● Task instructions
Images are to be dropped, and the rest of the data reproduced exactly.
─── Source data ───
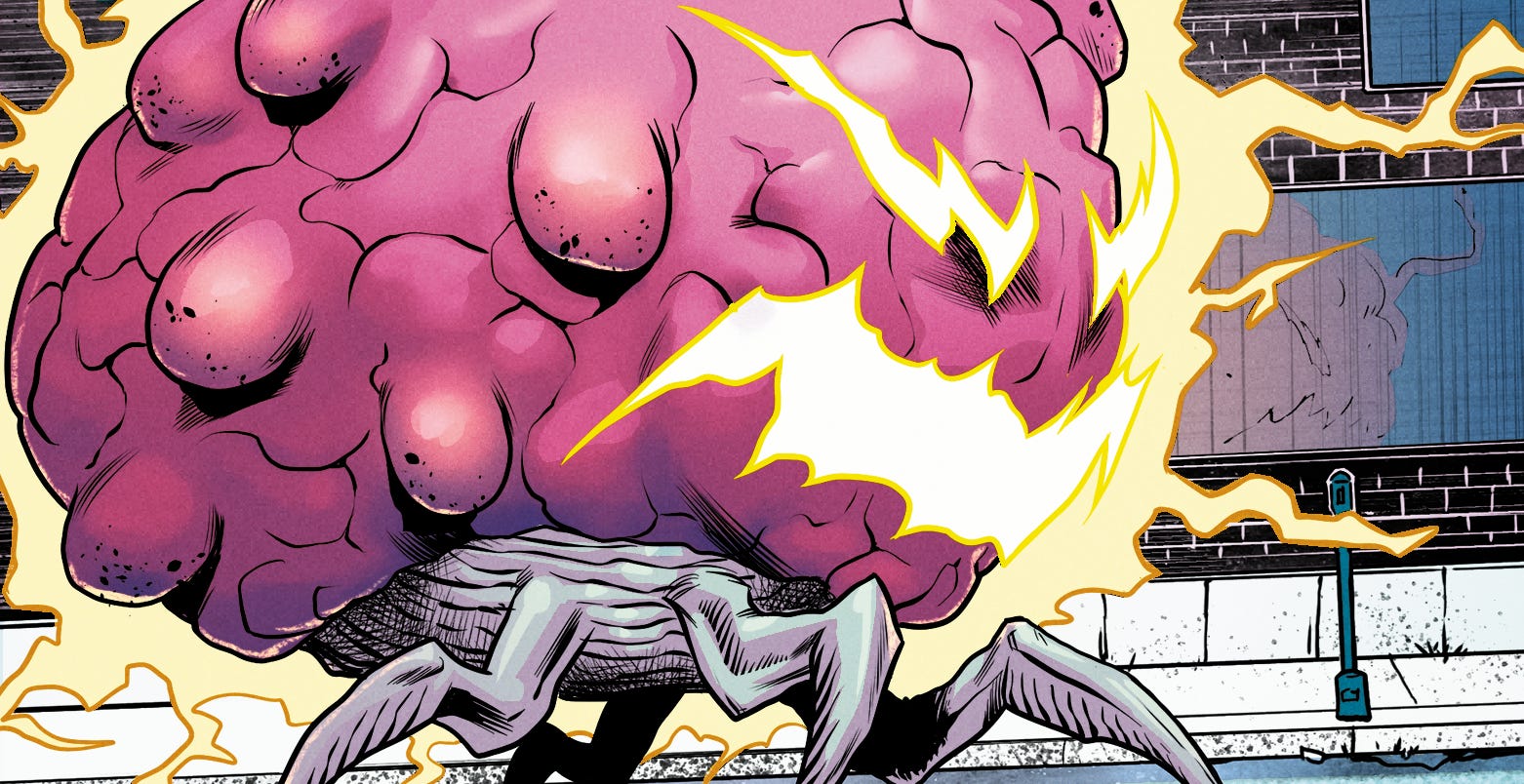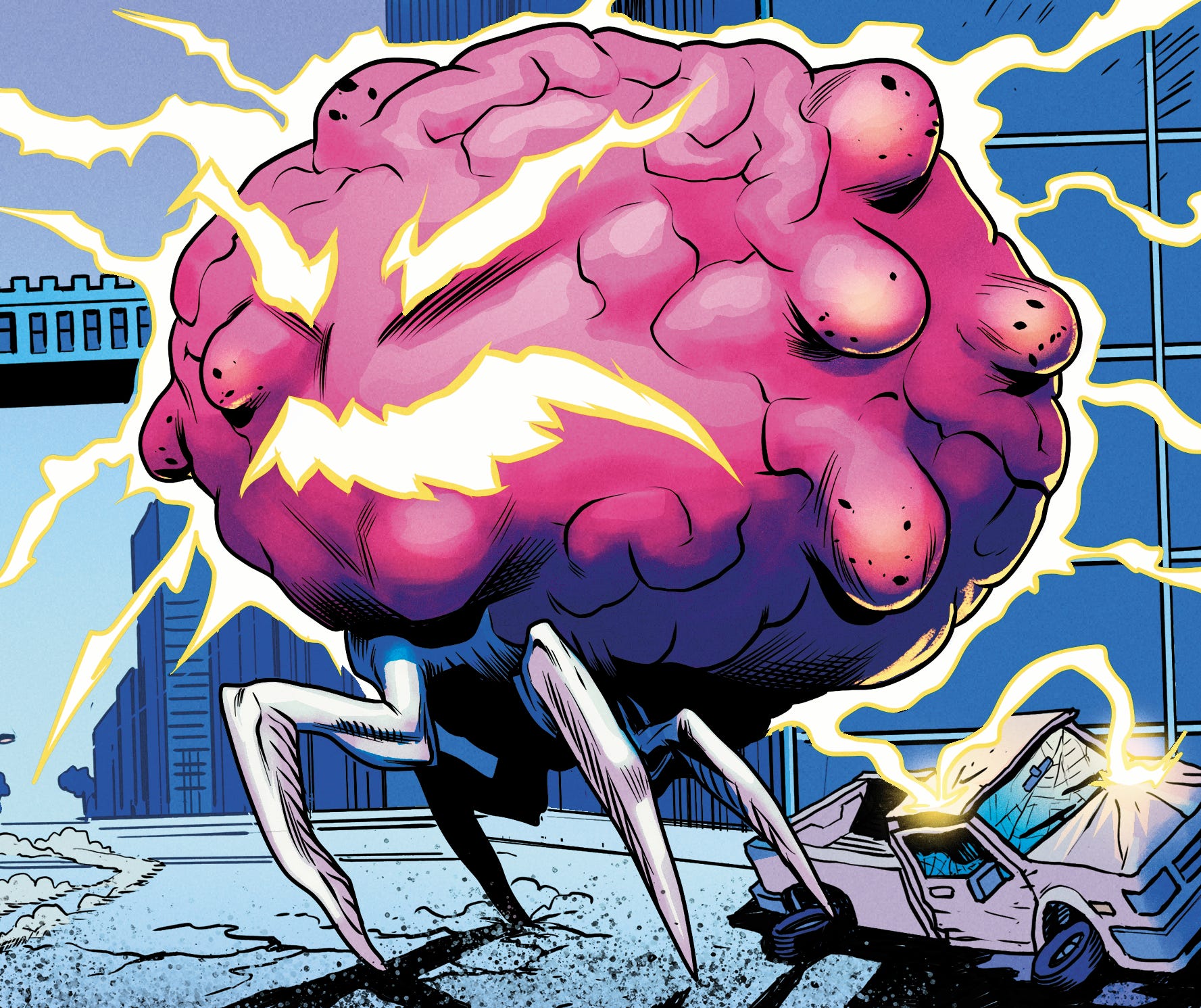 Smashing from his containment vat, this bubbly, oozy giant flying brain is grotesque but also a little goofy (in a M.O.D.O.K. sort of way). An inscrutable force of nature this monstrous giant brain rampages through Chicago, squirting out gooey minions and lightning blasts. And it seems only the telepathic fish-boy Lum can make the connection the brain is looking for…
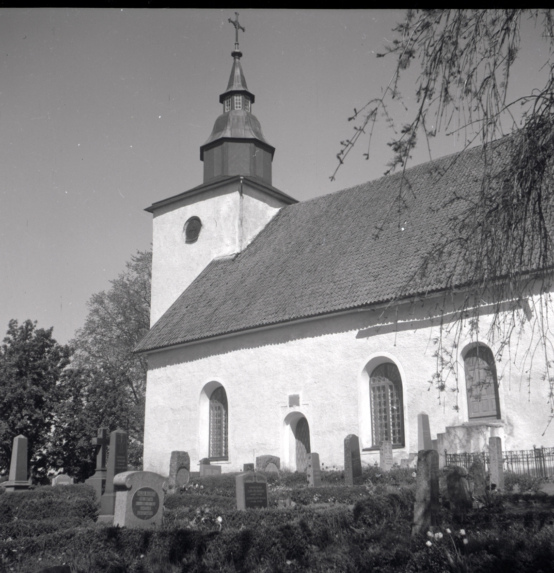 Kyrkan med kyrktorn och kyrkogård i Döderhult socken.
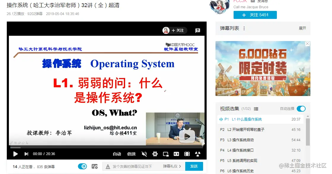 - 操作系统(哈工大李治军老师)32讲(全)超清
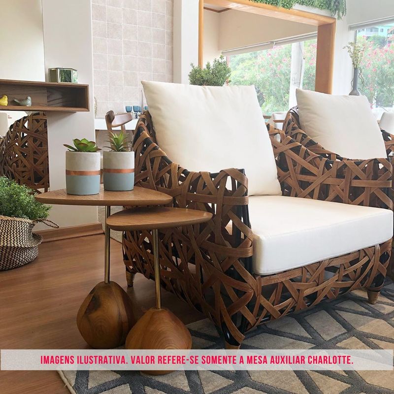 A Mesa Auxiliar Charlotte Baixa é a expressão do design elegante e atemporal, criada para compor ambientes com sofisticação e equilíbrio visual. Sua base em madeira na cor Off White traz leveza e delicadeza ao conjunto, criando uma sensação de fluidez no ambiente. A haste com acabamento Champagne acrescenta um toque de requinte, refletindo a luz de maneira sutil e sofisticada, como um detalhe de joalheria que valoriza toda a peça.O tampo em lâmina de madeira na tonalidade Carvalho Off White complementa o design com um aspecto natural e acolhedor, oferecendo uma superfície funcional e elegante para apoiar objetos decorativos, livros ou pequenas bandejas. Sua altura mais baixa permite que ela se encaixe perfeitamente ao lado de sofás, poltronas ou camas, proporcionando praticidade sem abrir mão da estética.Quando harmonizada com a Mesa Auxiliar Charlotte Alta, cria uma composição de alturas que enriquece o espaço, resultando em um visual dinâmico e contemporâneo. O conjunto oferece não apenas funcionalidade, mas também um ponto de destaque no décor, tornando a ambientação mais convidativa e sofisticada.Disponível em outros acabamentos. Consulte-nos!
───
● Finished exercise
 Smashing from his containment vat, this bubbly, oozy giant flying brain is grotesque but also a little goofy (in a M.O.D.O.K. sort of way). An inscrutable force of nature this monstrous giant brain rampages through Chicago, squirting out gooey minions and lightning blasts. And it seems only the telepathic fish-boy Lum can make the connection the brain is looking for…
 Kyrkan med kyrktorn och kyrkogård i Döderhult socken.
 - 操作系统(哈工大李治军老师)32讲(全)超清
 A Mesa Auxiliar Charlotte Baixa é a expressão do design elegante e atemporal, criada para compor ambientes com sofisticação e equilíbrio visual. Sua base em madeira na cor Off White traz leveza e delicadeza ao conjunto, criando uma sensação de fluidez no ambiente. A haste com acabamento Champagne acrescenta um toque de requinte, refletindo a luz de maneira sutil e sofisticada, como um detalhe de joalheria que valoriza toda a peça.O tampo em lâmina de madeira na tonalidade Carvalho Off White complementa o design com um aspecto natural e acolhedor, oferecendo uma superfície funcional e elegante para apoiar objetos decorativos, livros ou pequenas bandejas. Sua altura mais baixa permite que ela se encaixe perfeitamente ao lado de sofás, poltronas ou camas, proporcionando praticidade sem abrir mão da estética.Quando harmonizada com a Mesa Auxiliar Charlotte Alta, cria uma composição de alturas que enriquece o espaço, resultando em um visual dinâmico e contemporâneo. O conjunto oferece não apenas funcionalidade, mas também um ponto de destaque no décor, tornando a ambientação mais convidativa e sofisticada.Disponível em outros acabamentos. Consulte-nos!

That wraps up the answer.